Nach einem letzten Kuss winde ich mich deshalb aus Jonas’ Umarmung und eile durch Nacht und Wind, um nach Hause zu gelangen. Erst als ich schon auf dem Bahnsteig stehe, meldet sich mein nutzloses Reptilienhirn, das selbst Gutes nach seiner potenziellen Gefahr abklopfen muss. Wenn Jonas behauptet, er habe nichts gegen Kinder – was meint er dann eigentlich damit? Meint er, dass er sich eine Beziehung mit der Mutter eines Kindes vorstellen kann? Oder dass er sich gelegentlichen Sex mit einer Mutter vorstellen kann, solange sie bloß das Balg von ihm fernhält?
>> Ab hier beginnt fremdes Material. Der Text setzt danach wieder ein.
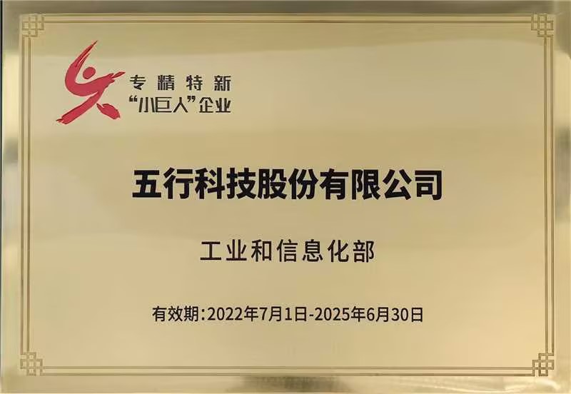 五行科技通過不斷的科技創(chuàng)新,在細(xì)分領(lǐng)域不斷做精、做強(qiáng),經(jīng)營業(yè)績連續(xù)多年保持高速增長,是工業(yè)和信息化部認(rèn)定的專精特新“小巨人”企業(yè)。
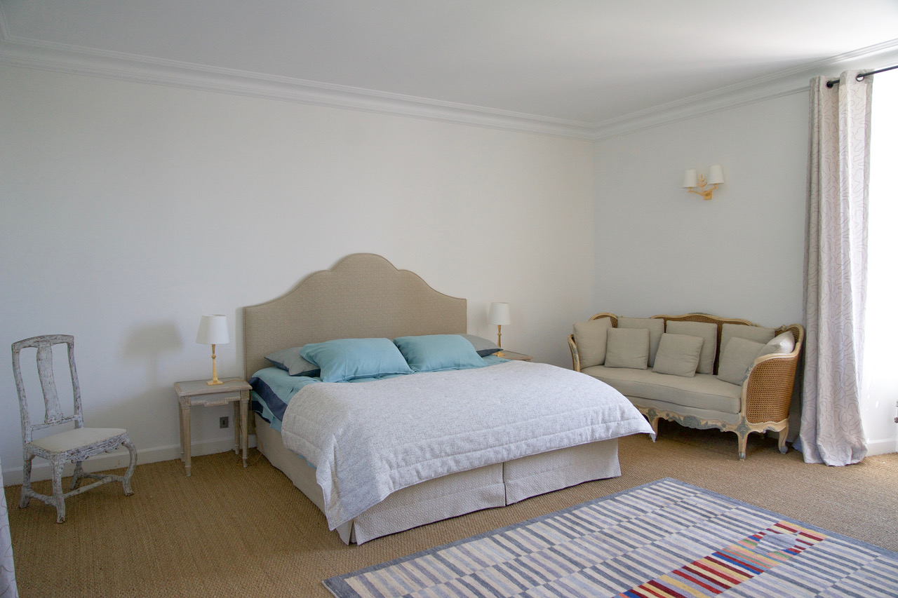 Chambre double d’environ 20 m2 avec lit 190 x 200 avec climatisation, vue jardin
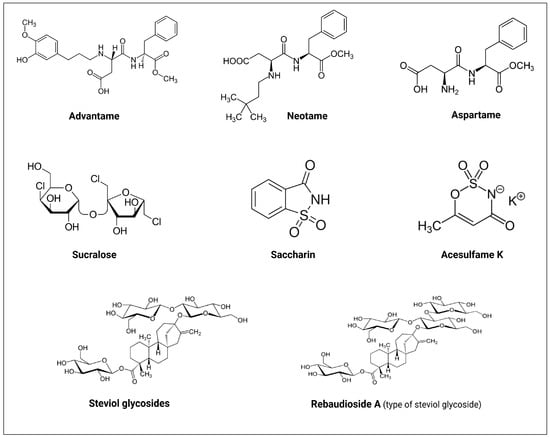 Up till now, the FDA has approved six NNS as food additives [51]. These include advantame, neotame, sucralose, saccharin, aspartame, and acesulfame K (Table 1, Figure 3) [52]. In addition, stevioside and rebaudioside A, two naturally derived sweeteners from stevia (Stevia rebaudiana) extracts and monk fruit extract (Siraitia grosvenorii), respectively, are FDA-recognized as safe (GRAS) zero-calorie sweeteners [53,54].
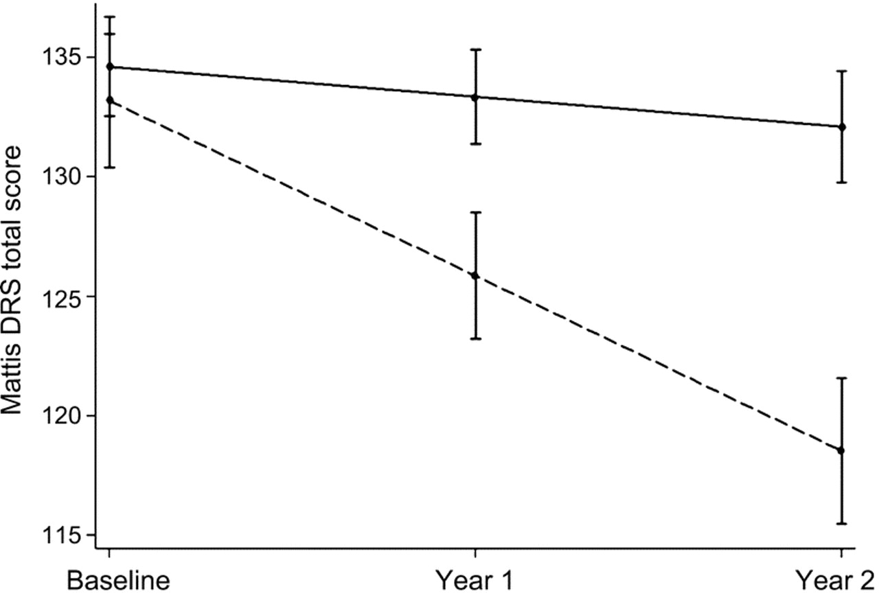 这一分析的时候,45岁受试者至少1年随访的临床评估、20 2后续评估,评价3年后基线。没有失访或撤回同意。整个队列,折合成年率的降幅DRS-2是3.4分(±0.96)。基线人口统计学特征所示表1。

Leider fällt mir an dieser Stelle sofort wieder ein, dass es überhaupt keine Rolle spielt, was er denkt. Wir werden niemals ein Paar, weil ich demnächst von einem anderen schwanger sein werde, und zwar von dem Ehemann meines Bruders. Und so cool ist nicht mal Jonas, dass er das wegstecken könnte. Also lautet die entscheidende Frage nicht, was Jonas von mir will, sondern: Will ich das nehmen, was ich bekommen kann – den gelegentlichen Sex, der dem Kuss nach zu urteilen eine echte Bereicherung wäre –, oder sollte ich alles daransetzen, weitere Treffen mit Jonas zu vermeiden? Denn leider würden ja bei jeder körperlichen Begegnung doch nur diese blöden Bindungshormone ausgeschüttet, die einem weismachen, man läge in den Armen seiner großen Liebe, obwohl es sich nur um den Drang nach genetischem Fortbestand handelt, der unsere Spezies immer wieder auf solche Irrwege schickt.